The soldier gave him a sharp look. Had he noticed a chink in Luke’s accent? The cold night air bit his skin, but Luke still felt sweat soaking his back as he glanced in the rear-view mirror. The figure of the first guard was silhouetted against the lights of the Republican Guard truck.

He was right by the boot of the Toyota.

If he opened it, they’d have no choice: Luke moved his arm down to his side, inches from his gun.

There was a shout, and both soldiers looked round. The Republican Guard driver from behind was yelling something at them. Luke couldn’t tell what he was saying, but he understood the tone of voice as this higher-ranking soldier bellowed orders at the two Iraqi squaddies like they were a piece of shit on his shoe. Fear crossed their faces as they hurried back to the barrier and started to raise it, all thoughts of Luke and his dodgy accent apparently gone.

Luke didn’t fuck about. He sped through the barrier the moment it was high enough to pass. As he reached the other side he saw that the military truck was flashing its lights at him. Moments later it overtook and stormed down the road ahead.

Finn let out an explosive breath. ‘Thought I was going to have to waste a round on that fucker,’ he said, his voice muffled behind the burka, as they continued to drive into the darkness.

‘Would have been a shame to get your glad rags all bloody.’ Luke checked his mirror. Nobody from the checkpoint was following. And up ahead, the truck was out of sight.

The road was poor – potholed and broken down by the countless heavy military vehicles that had passed along it over the previous two decades. At 01.00 they passed some buildings by the side of the road – a filling station and a mosque next to each other, where several cars had stopped.
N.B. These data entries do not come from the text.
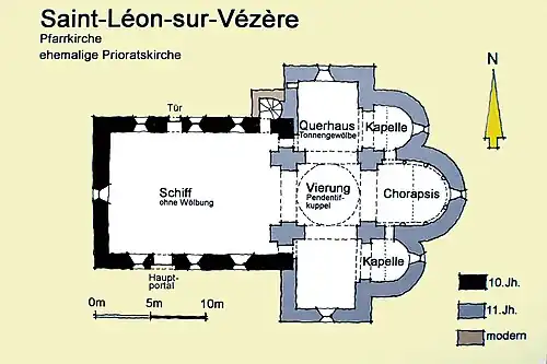 Das Hauptschiff aus der Vorromanik besticht durch seine klaren Proportionen des einfachen Saales ohne jegliche Unterteilung in Schiffe und Joche. Seine Breite beträgt 12,85, seine Länge 15,20 Meter und sein lichte Höhe gut 8,00 Meter. Die einzigen Accessoires der Seitenwände bilden jeweils drei Fenster, die mit ihren Rundbögen fast gegen die Decke stoßen. Ihre Gewände sind allseitig abgeschrägt. Auf der Südwand befindet sich das Hauptportal und auf der Nordwand eine zweite, aber kleinere Tür. Die westliche Giebelwand verzichtet auf ein Portal, weil dort die Böschung des Ufers der Vésère anschließt. Diese Wand weist lediglich ein Fenster auf, etwas größer und in Höhenlage der Fenster der Schiffseiten.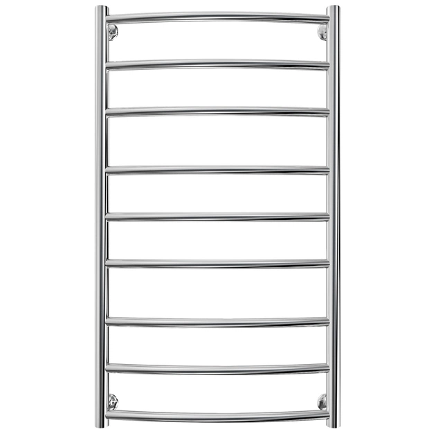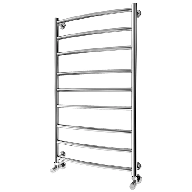 Рушникосушарка "Маріо" Класік 900х530/500. Розміри: висота - 900 мм, ширина - 530 мм, глибина 105 мм, міжцентрова відстань для підключення - 500 мм, діаметр підключення G1/2''. Варіанти підключення: нижнє, діагональне та бічне. Кількість ребер - 9, стояки з круглої труби. Виготовлена з полірованої нержавіючої сталі без хромування.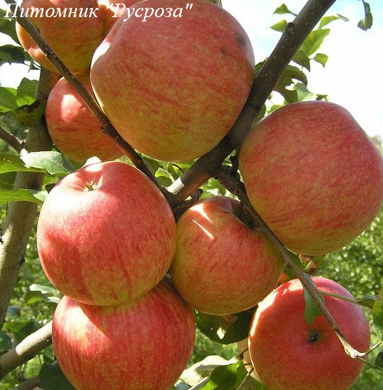 Плоды: средние, одномерные, плоскоокруглой формы, поверхность гладкая или слабо широкоребристая. Кожица гладкая, с сильным восковым налетом. Основная окраска зеленовато-желтая. На половине или большей части поверхности плода размытый румянец, неяркий. Мякоть зеленовато-белая, нежная, сочная, мелкозернистая.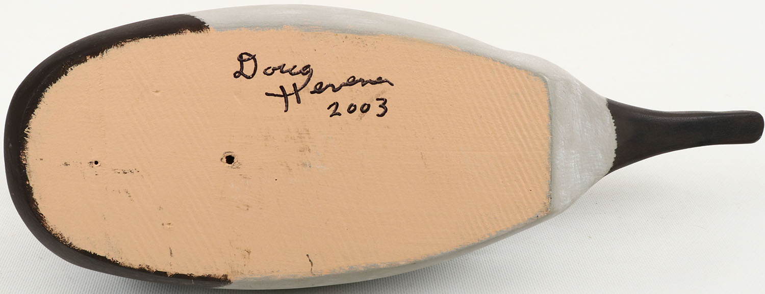 Old Squaw Drake, by Doug Hevener ? glass eyes, structurally excellent, solid wood, excellent original paint, signed on bottom. Grade: Excellent ++ - Value: 40 to 150
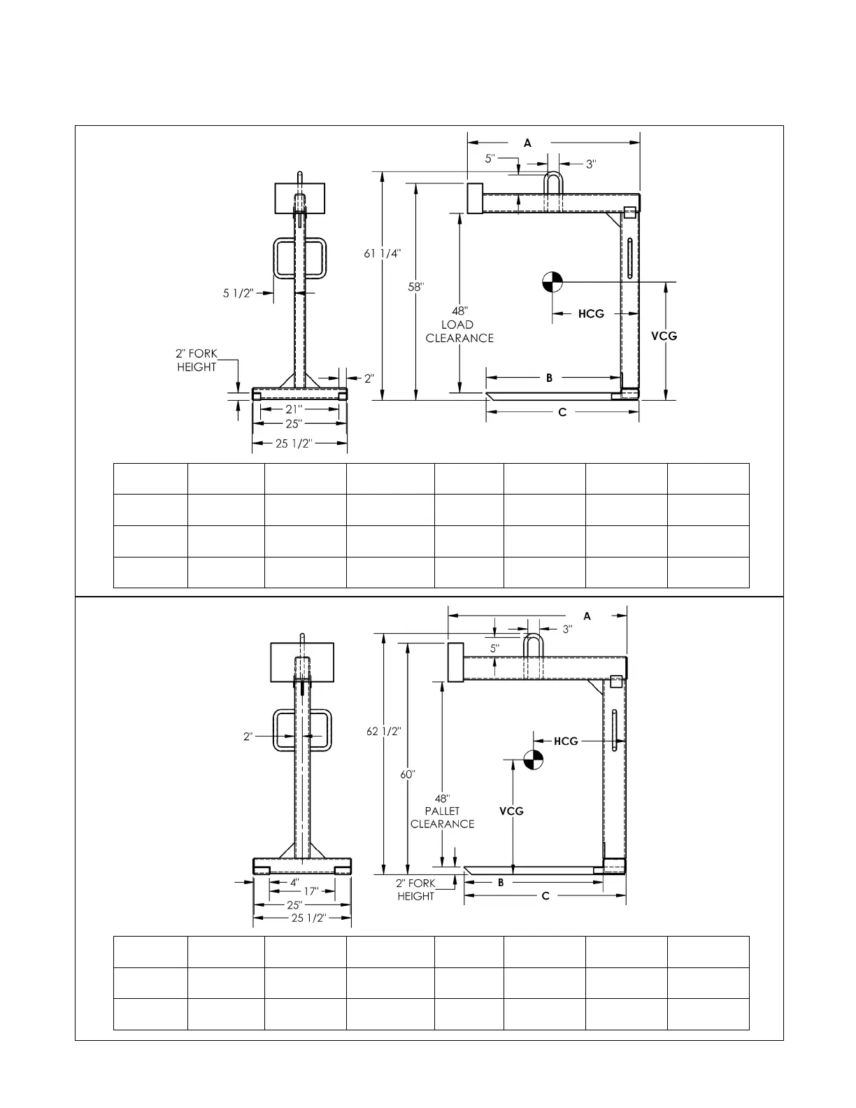 Dimensions, net weight, capacity (maximum rated load), and centers of gravity for each HDP model are
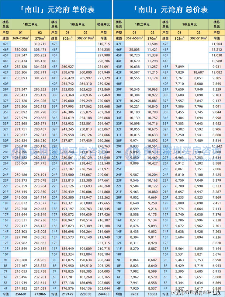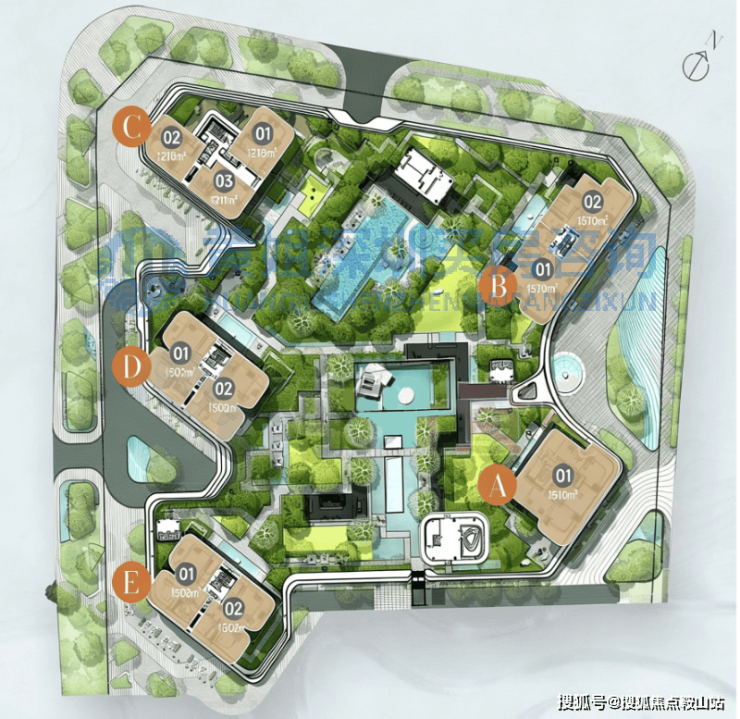 其中标准层为211-218-302-370-510㎡的3-4房,另外顶层复式有518-655-938㎡户型。
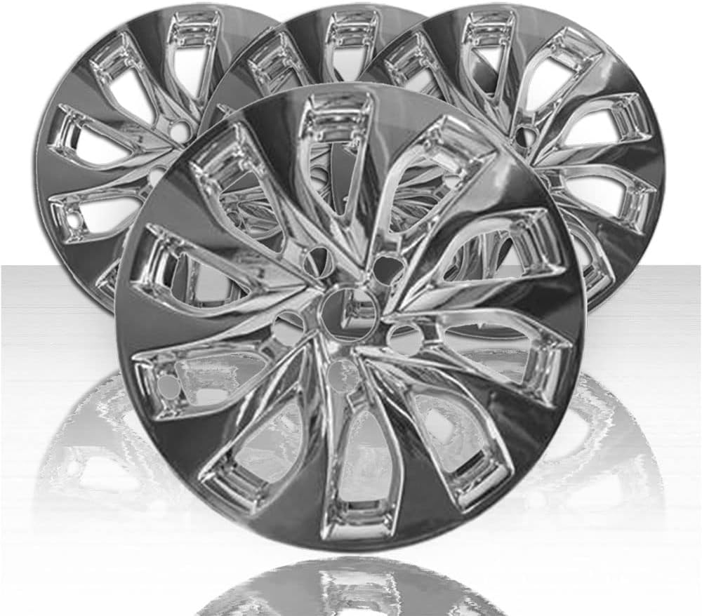 This set of 4 wheel skins is perfectly designed to fit your vehicle and easily automotive-hubcaps in minutes! These wheel skins are constructed from durable, automotive grade ABS plastic and feature an attractive gloss black finish for a custom look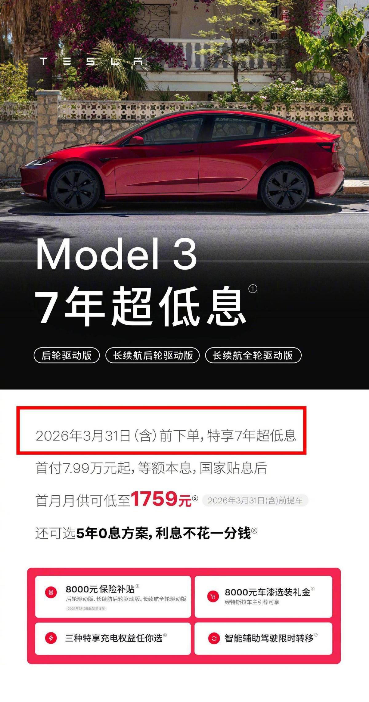 最后,对于咱们普通的消费者而言,特斯拉此番优惠无疑是一个不错的购车时机。我们完全可以根据资金状况选择"5年0息"锁定总成本,或用"7年超低息"换取更低的月供压力。不过,政策截止到3月31日,且1月已有类似活动,这种"限时"本身也是一种促进转化的营销策略。最关键的,就看你是想要省下这1万多的利息,赶紧上车,还是再观望观望了。(文/优视汽车 大卓 )

Luke and Finn had no need of prayer or fuel – there were canisters of petrol in the boot, along with their more specialised gear – so they just pressed on.
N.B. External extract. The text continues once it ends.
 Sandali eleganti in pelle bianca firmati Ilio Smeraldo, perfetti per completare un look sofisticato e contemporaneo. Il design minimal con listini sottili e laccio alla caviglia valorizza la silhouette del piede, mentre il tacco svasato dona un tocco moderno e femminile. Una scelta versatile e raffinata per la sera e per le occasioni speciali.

At 02.12 they came to a fork in the road. Luke bore left, then doubled back, heading north-west up towards the Syrian border. Guided by Finn’s GPS, he soon took a right-hand turn off the main road and into the desert. He drove on for some ten kilometres before Finn quietly spoke.
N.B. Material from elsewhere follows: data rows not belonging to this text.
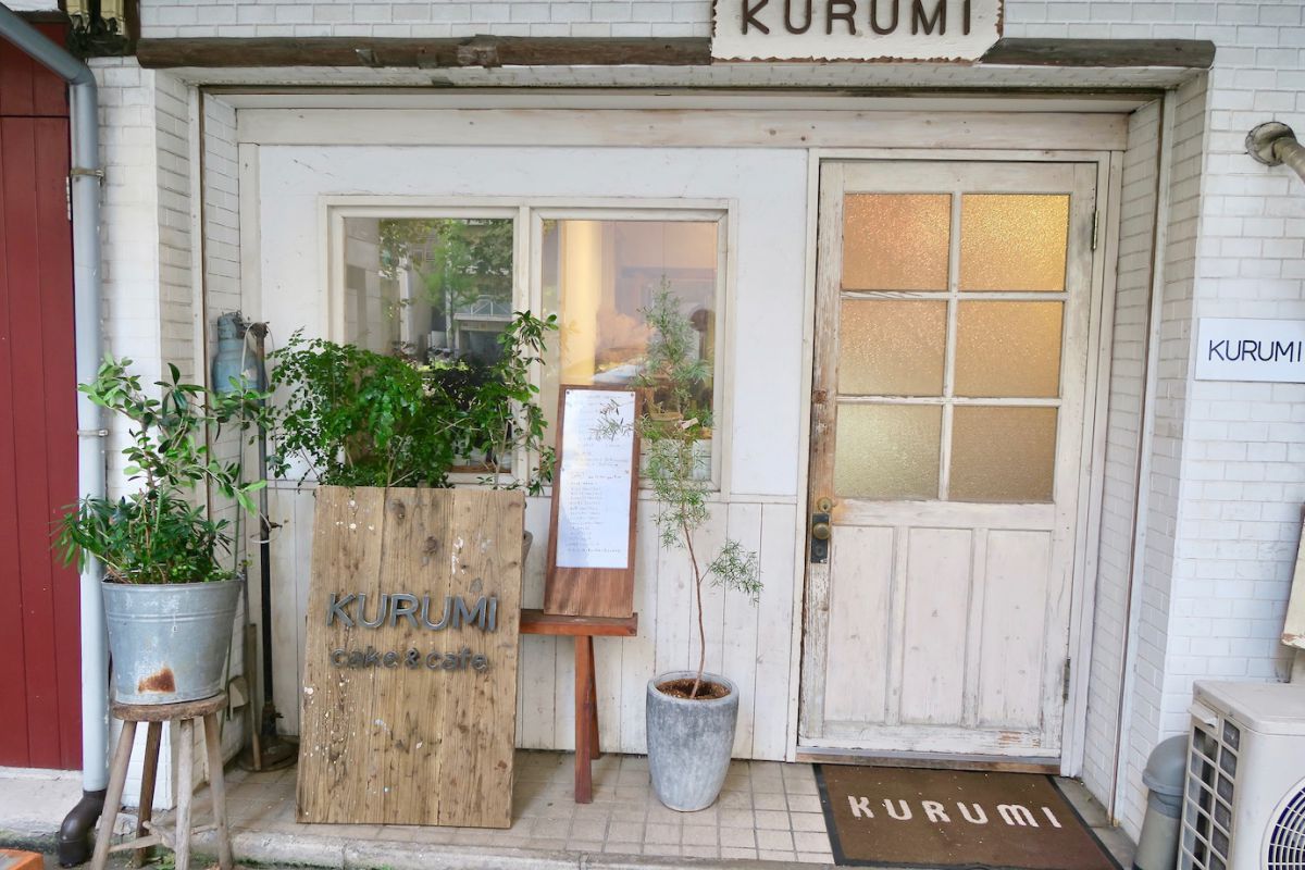 大濠公園駅から徒歩4分、明治通りの路地裏にある「KURUMI(クルミ)」。築約80年の古長屋をリノベーションした2階建ての建物にカフェを併設している、かわいいケーキ屋さんです。パティシエ兼女性オーナーの永野さんが“旬なもの、自分が食べたいもの”をチョイスして作る、優しい甘さのタルトが評判です。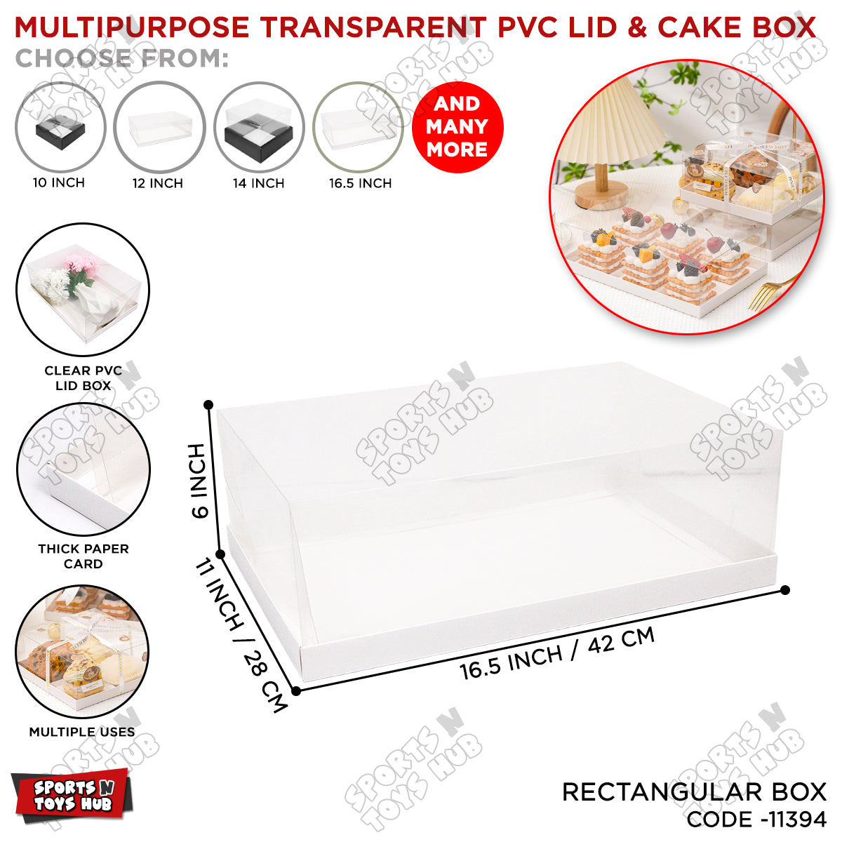 - Showcase your treats in style with our Multipurpose Transparent PVC Lid & Cake Box – perfect for elegant presentation and secure packaging.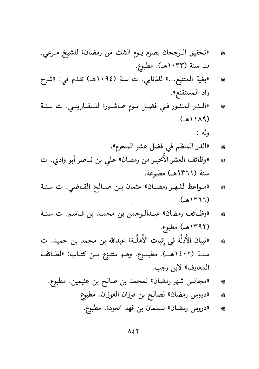 - " وظائف رمضان " عبد الرحمن بن محمد بن قاسم " ت سنة (١٣٩٢ هـ) مطبوع.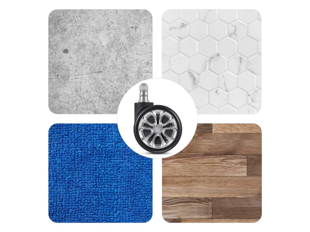 Talna površina se ne opraska! Poleg tega se kolesa premikajo zelo tiho, ne drsijo na terakoti in dobro delujejo tudi na preprogi.

‘Let’s go static,’ he said. ‘The village is about two klicks up ahead.’

Luke came to a halt and killed the lights. 02.58. Three hours till sunrise. They’d be entering the village at dawn. Lift Abu Famir and then swastika it back to Jordan.

But until then they’d just have to wait.

SEVEN

Chet had lost count of the number of pints of cold Stella he’d chucked down his neck that afternoon. He’d headed straight for a basement pub just off Leicester Square where the barmaid looked like a bulldog licking piss off a thistle. He celebrated his birthday surrounded first by the office workers in for a liquid lunch, then by tourists taking the weight off their feet after a day’s sightseeing, and finally by the office workers again, boisterous and increasingly arseholed now work was over.

But Chet had barely noticed any of them. As he sank the beers, he couldn’t stop thinking about the events of that morning. There had been rumblings over the past few days about an anti-war march through London. If it went ahead, Suze McArthur was exactly the kind of leftie who’d be up at the front waving some wanky banner for the TV crews. Chet was the kind of person who’d be at home. The last people asked their opinion about a war, he knew, were those who’d been in one. And if the girl was surprised that the decision to move into Iraq had already been taken, she was more naive than most. ‘This war is good to go,’ the American had said. Well, of course it was. When the hell did people think decisions like that were taken – the day before troops moved in?